#### [ASSIGNED TASK]
Go through the entries below and print each one exactly, leaving out pictures.

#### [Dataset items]
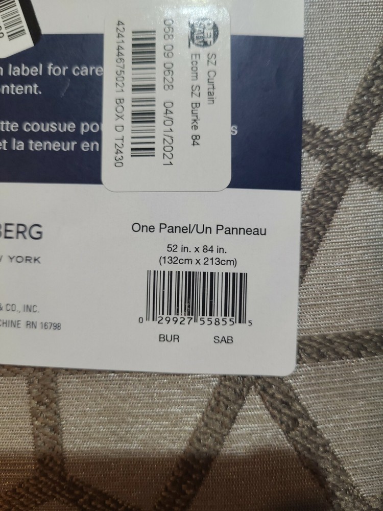 Sun Zero Curtain Panel Lichtenberg. Package contains : one panel measuring 52 in x 84 in (case 10)
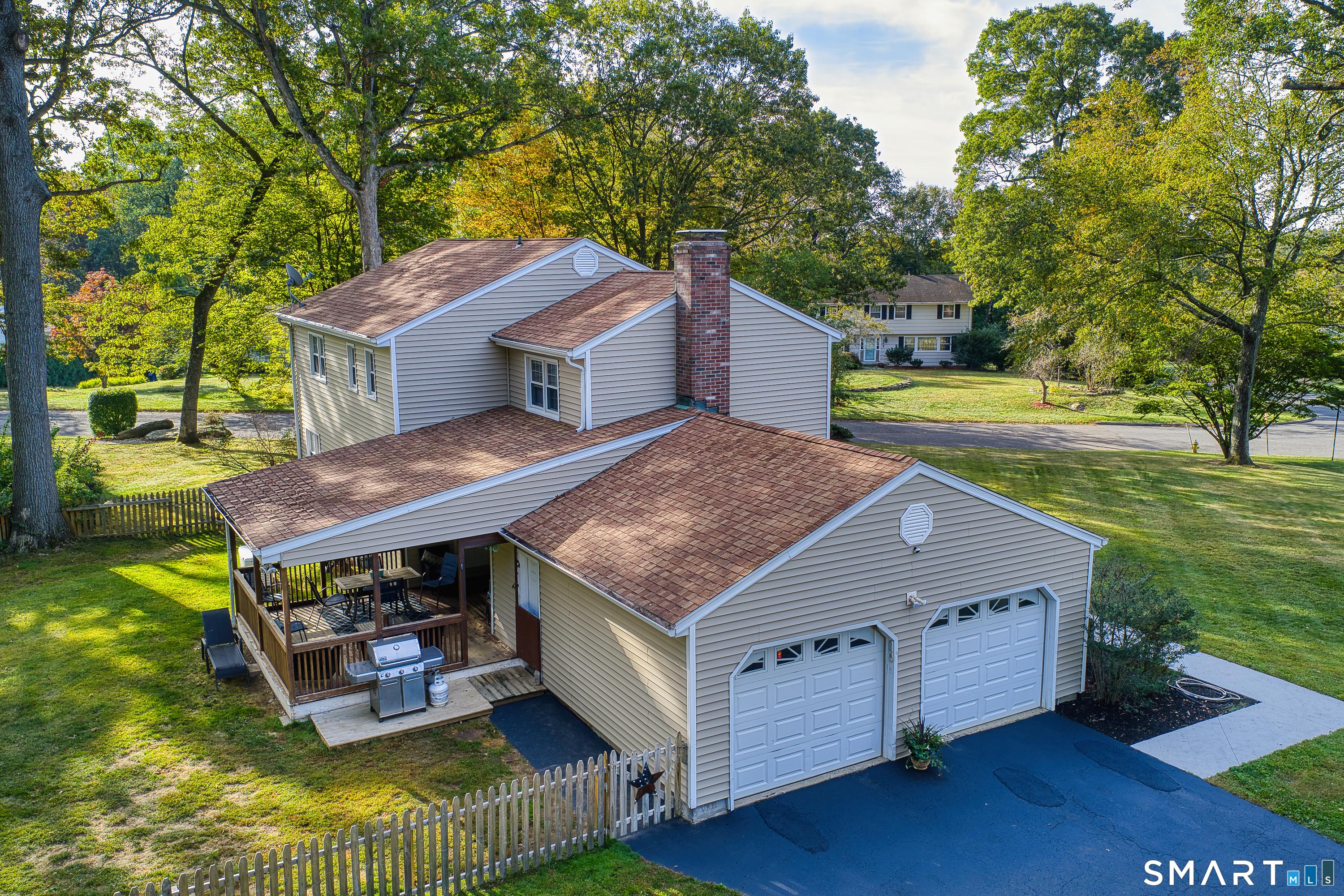 Beautiful 4-Bedroom 2.5 bath Colonial on a Flat 1 Acre Lot - in Daniels Farm awaits Set perfectly with a unique corner lot orientation this beautifully sited home offers outstanding curb appeal, and a warm welcoming presence from the moment you arrive. The home offers additional parking with a stone parking pad, a fenced rear yard for added privacy, and surrounded by beautiful, mature trees. Thoughtfully maintained and updated over the years, improvements and maintenance include roof, windows, vinyl siding, boiler, hot water tank and central air conditioning. Additionally, this home features a Generac natural gas whole house generator. Inside, the main level features hardwood floors throughout with a warm inviting layout, designed for both entertaining and everyday life. Laundry area, a wood burning stove insert fireplace, built ins, and access to the covered porch, provides an ideal spot for relaxing and enjoying summer evenings overlooking this beautifully maintained property. A 2-car attached gar situated off the family room, adds everyday practicality which includes a work bench with cabinets. Upstairs, youll find four generously sized bedrooms all with hardwood floors offering comfortable space for family, guests, or a home office. The updated bathrooms provide modern style and functionality complementing the homes charm. With over 2,100 square feet, a fantastic layout, and a peaceful one-acre setting, this home combines comfort, character and opportunities.
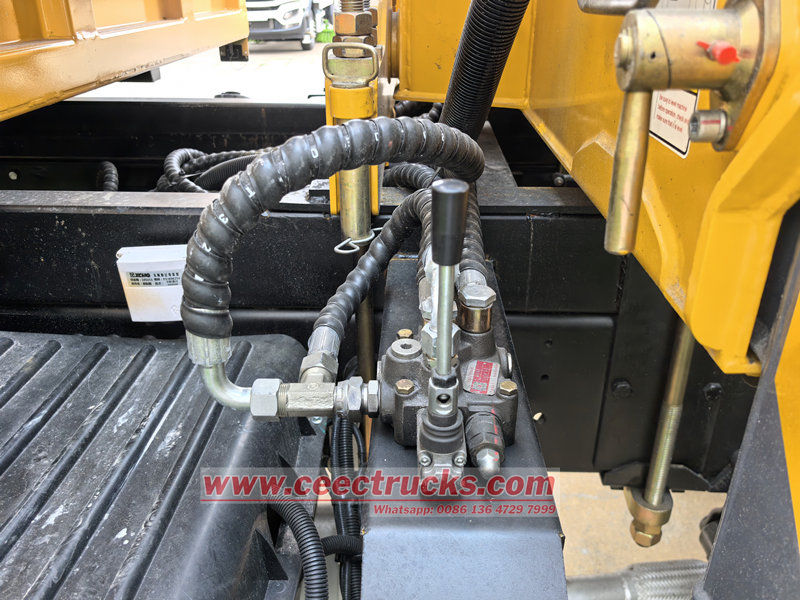 Het bovenste deel van de HOWO enkelassige 4-tons autolaadkraan is slim ontworpen en integreert twee functionele modules, de laadbak en de kraan, waardoor het gemak van "één voertuig voor meerdere doeleinden" wordt gerealiseerd. De laadbak heeft een afmeting van 3800 × 2400 × 450 (mm) en is gemaakt van hoogwaardig koolstofstaal. Het ontwerp met drie zijden en vier bodems zorgt niet alleen voor de duurzaamheid van de laadbak, maar verbetert ook effectief de laadcapaciteit. Of het nu gaat om bouwmaterialen, apparatuuraccessoires of andere bulkgoederen, het is gemakkelijk te laden.
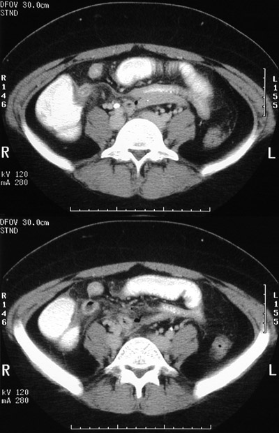 | Here is another example of acute appendicitis with dilation to 17 mm and wall thickening. This patient presented with a day-long history of lower abdominal pain. On physical examination, there was rebound tenderness in the right lower quadrant. The patient's WBC count was 13,900/microliter. |
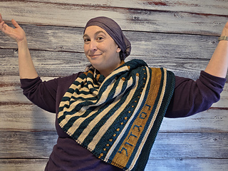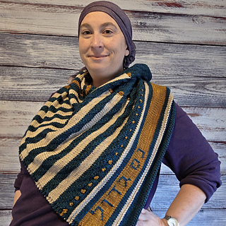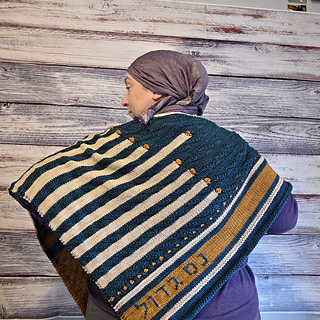 shawl with charted options for a dreidel, “Nes Gadol Haya Sham,” “Nes Gadol Haya Po,” or simply “Nes Gadol.”
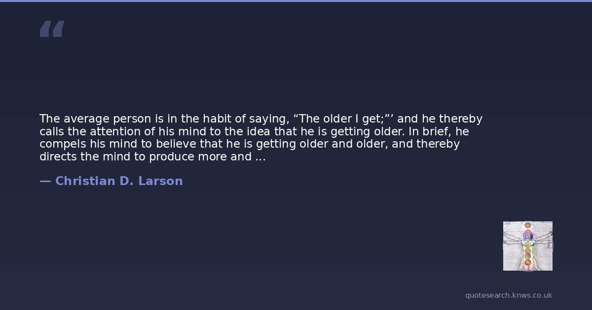 The average person is in the habit of saying, “The older I get;”’ and he thereby calls the attention of his mind to the idea that he is getting older. In brief, he compels his mind to believe that he is getting older and older, and thereby directs the mind to produce more and more age. The true expression in this connection is, “The longer I live.” This expression calls the mind’s attention to the length of life, which will, in turn, tend to increase the power of that process in you that can prolong life. When people reach the age of sixty or seventy, they usually speak of “the rest of my days,” thus implying the idea that there are only a few more days remaining. The mind is thereby directed to finish life in a short period of time, and accordingly, all the forces of the mind will proceed to work for the speedy termination of personal existence. The correct expression is “from now on,” as, that leads thought into the future indefinitely without impressing the mind with any end whatever.
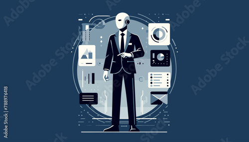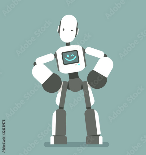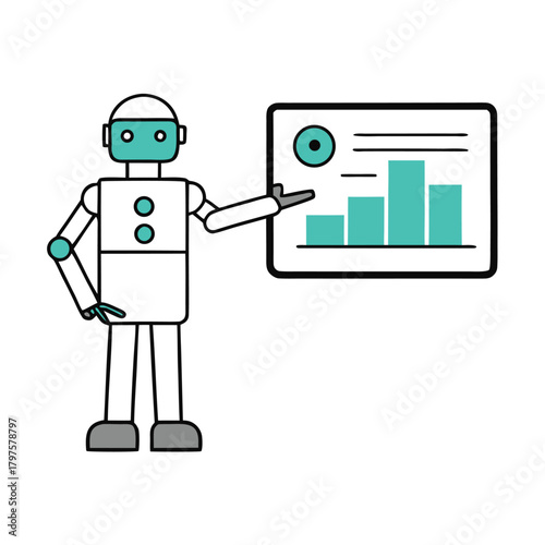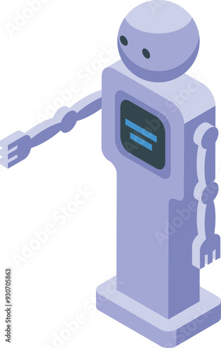 Механический дроид-робот с 3d-векторной иконкой. Изолированная машина с искусственным интеллектом на белом фоне
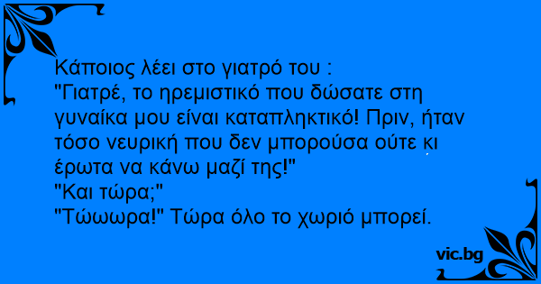 "Γιατρέ, το ηρεμιστικό που δώσατε στη γυναίκα μου είναι καταπληκτικό! Πριν, ήταν τόσο νευρική που δεν μπορούσα ούτε κι έρωτα να κάνω μαζί της!"
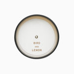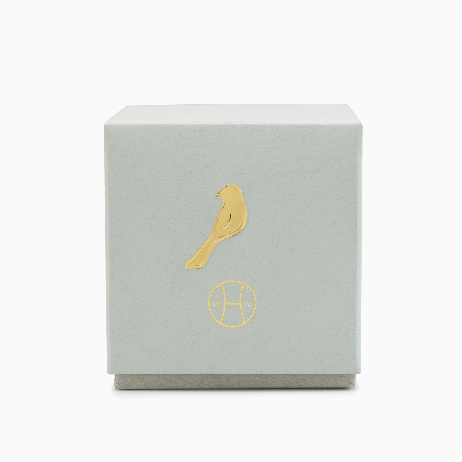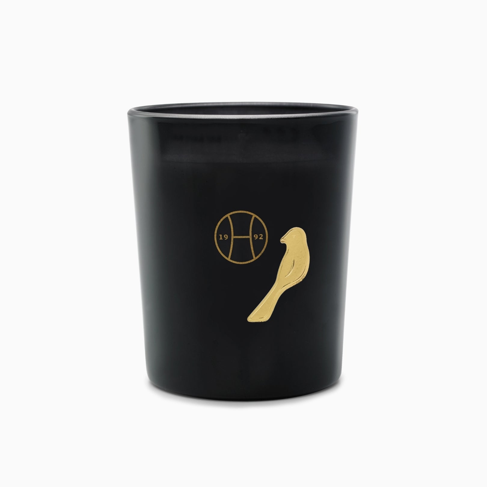 アイコニックなパフューマーHのユーティリティ・キャンドルは、ウィル・カルヴァーの「鳥とレモン」の絵と呼応するように、金色の鳥で飾られている。
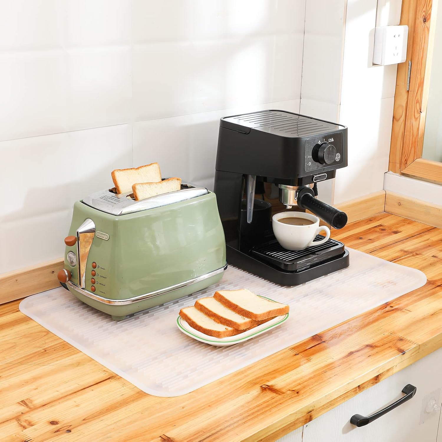 Silicone Dish Drying Mat for Multiple Usage,Easy clean,Eco-friendly,Heat-resistant Silicone Mat for Kitchen Counter or Sink,Refrigerator or Drawer Liner Translucent 3XL 28 inches x 18 inches
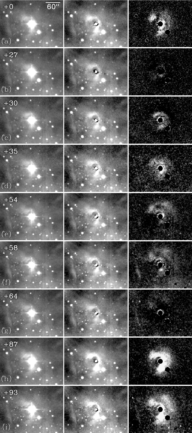 Figure 2: Temporal sequences of images of S CrA, showing ( left) direct images, ( middle) direct images with the flux of S CrA removed via PSF subtraction, and ( right) difference-only images. All panels are 270 by 200 arcsec, with north up, and east to the left. The number of days after the first epoch are indicated at top-left of each row. |
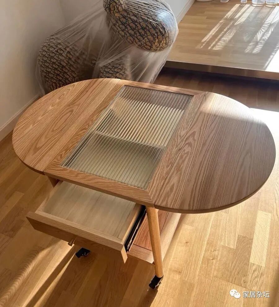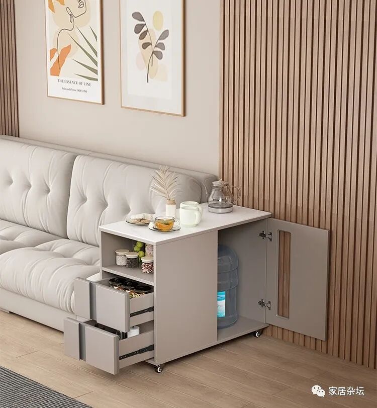 所以说,为了实现茶几的功能,而且不占地方,移动式茶几也是不错的选择。
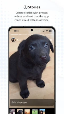 Create engaging personal story pages using your own photos, videos, and text. Play them back with voice, adding a personal touch to your communication.
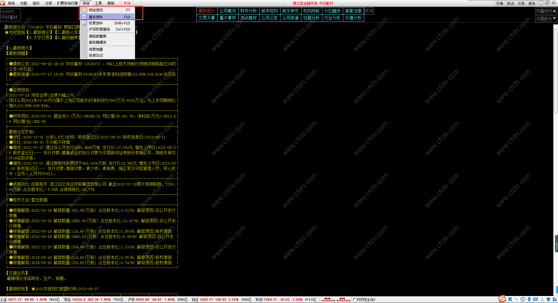 四、资讯菜单最常用的就是财经资讯跟基本信息两个菜单,点击财金资讯(快捷键F7)可以查看财经资讯信息,点击基本信息(快捷方式F10)可以查看某支个股的基本信息
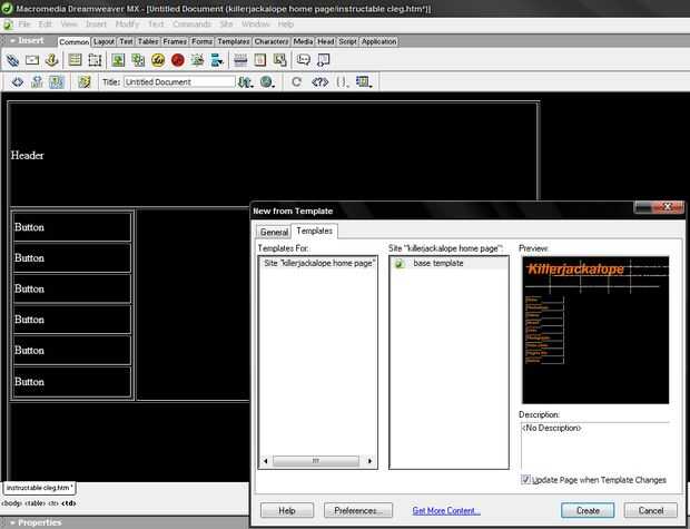 Derecha hemos terminados casi con nuestra plantilla y puede empezar a trabajar en nuestras páginas muy pronto, ya hay regiones editables (lugares para el contenido de la página) agregamos éstos por click derecho y va a la plantilla desplegable en el menú del botón derecho del ratón, elegir nueva región editable y saldrá un mensaje diciendo que el documento se convertirá en una plantilla. Está bueno. Hacerlo con el cursor en las celdas de una tabla donde contenido se va (los bajo y al lado de la barra de menús en la mía)

#### [RESPONSE TO THIS EXERCISE]
 Sun Zero Curtain Panel Lichtenberg. Package contains : one panel measuring 52 in x 84 in (case 10)
 Beautiful 4-Bedroom 2.5 bath Colonial on a Flat 1 Acre Lot - in Daniels Farm awaits Set perfectly with a unique corner lot orientation this beautifully sited home offers outstanding curb appeal, and a warm welcoming presence from the moment you arrive. The home offers additional parking with a stone parking pad, a fenced rear yard for added privacy, and surrounded by beautiful, mature trees. Thoughtfully maintained and updated over the years, improvements and maintenance include roof, windows, vinyl siding, boiler, hot water tank and central air conditioning. Additionally, this home features a Generac natural gas whole house generator. Inside, the main level features hardwood floors throughout with a warm inviting layout, designed for both entertaining and everyday life. Laundry area, a wood burning stove insert fireplace, built ins, and access to the covered porch, provides an ideal spot for relaxing and enjoying summer evenings overlooking this beautifully maintained property. A 2-car attached gar situated off the family room, adds everyday practicality which includes a work bench with cabinets. Upstairs, youll find four generously sized bedrooms all with hardwood floors offering comfortable space for family, guests, or a home office. The updated bathrooms provide modern style and functionality complementing the homes charm. With over 2,100 square feet, a fantastic layout, and a peaceful one-acre setting, this home combines comfort, character and opportunities.
 Het bovenste deel van de HOWO enkelassige 4-tons autolaadkraan is slim ontworpen en integreert twee functionele modules, de laadbak en de kraan, waardoor het gemak van "één voertuig voor meerdere doeleinden" wordt gerealiseerd. De laadbak heeft een afmeting van 3800 × 2400 × 450 (mm) en is gemaakt van hoogwaardig koolstofstaal. Het ontwerp met drie zijden en vier bodems zorgt niet alleen voor de duurzaamheid van de laadbak, maar verbetert ook effectief de laadcapaciteit. Of het nu gaat om bouwmaterialen, apparatuuraccessoires of andere bulkgoederen, het is gemakkelijk te laden.
 | Here is another example of acute appendicitis with dilation to 17 mm and wall thickening. This patient presented with a day-long history of lower abdominal pain. On physical examination, there was rebound tenderness in the right lower quadrant. The patient's WBC count was 13,900/microliter. |
 shawl with charted options for a dreidel, “Nes Gadol Haya Sham,” “Nes Gadol Haya Po,” or simply “Nes Gadol.”
 The average person is in the habit of saying, “The older I get;”’ and he thereby calls the attention of his mind to the idea that he is getting older. In brief, he compels his mind to believe that he is getting older and older, and thereby directs the mind to produce more and more age. The true expression in this connection is, “The longer I live.” This expression calls the mind’s attention to the length of life, which will, in turn, tend to increase the power of that process in you that can prolong life. When people reach the age of sixty or seventy, they usually speak of “the rest of my days,” thus implying the idea that there are only a few more days remaining. The mind is thereby directed to finish life in a short period of time, and accordingly, all the forces of the mind will proceed to work for the speedy termination of personal existence. The correct expression is “from now on,” as, that leads thought into the future indefinitely without impressing the mind with any end whatever.
 Механический дроид-робот с 3d-векторной иконкой. Изолированная машина с искусственным интеллектом на белом фоне
 "Γιατρέ, το ηρεμιστικό που δώσατε στη γυναίκα μου είναι καταπληκτικό! Πριν, ήταν τόσο νευρική που δεν μπορούσα ούτε κι έρωτα να κάνω μαζί της!"
 アイコニックなパフューマーHのユーティリティ・キャンドルは、ウィル・カルヴァーの「鳥とレモン」の絵と呼応するように、金色の鳥で飾られている。
 Silicone Dish Drying Mat for Multiple Usage,Easy clean,Eco-friendly,Heat-resistant Silicone Mat for Kitchen Counter or Sink,Refrigerator or Drawer Liner Translucent 3XL 28 inches x 18 inches
 Figure 2: Temporal sequences of images of S CrA, showing ( left) direct images, ( middle) direct images with the flux of S CrA removed via PSF subtraction, and ( right) difference-only images. All panels are 270 by 200 arcsec, with north up, and east to the left. The number of days after the first epoch are indicated at top-left of each row. |
 所以说,为了实现茶几的功能,而且不占地方,移动式茶几也是不错的选择。
 Create engaging personal story pages using your own photos, videos, and text. Play them back with voice, adding a personal touch to your communication.
 四、资讯菜单最常用的就是财经资讯跟基本信息两个菜单,点击财金资讯(快捷键F7)可以查看财经资讯信息,点击基本信息(快捷方式F10)可以查看某支个股的基本信息
 Derecha hemos terminados casi con nuestra plantilla y puede empezar a trabajar en nuestras páginas muy pronto, ya hay regiones editables (lugares para el contenido de la página) agregamos éstos por click derecho y va a la plantilla desplegable en el menú del botón derecho del ratón, elegir nueva región editable y saldrá un mensaje diciendo que el documento se convertirá en una plantilla. Está bueno. Hacerlo con el cursor en las celdas de una tabla donde contenido se va (los bajo y al lado de la barra de menús en la mía)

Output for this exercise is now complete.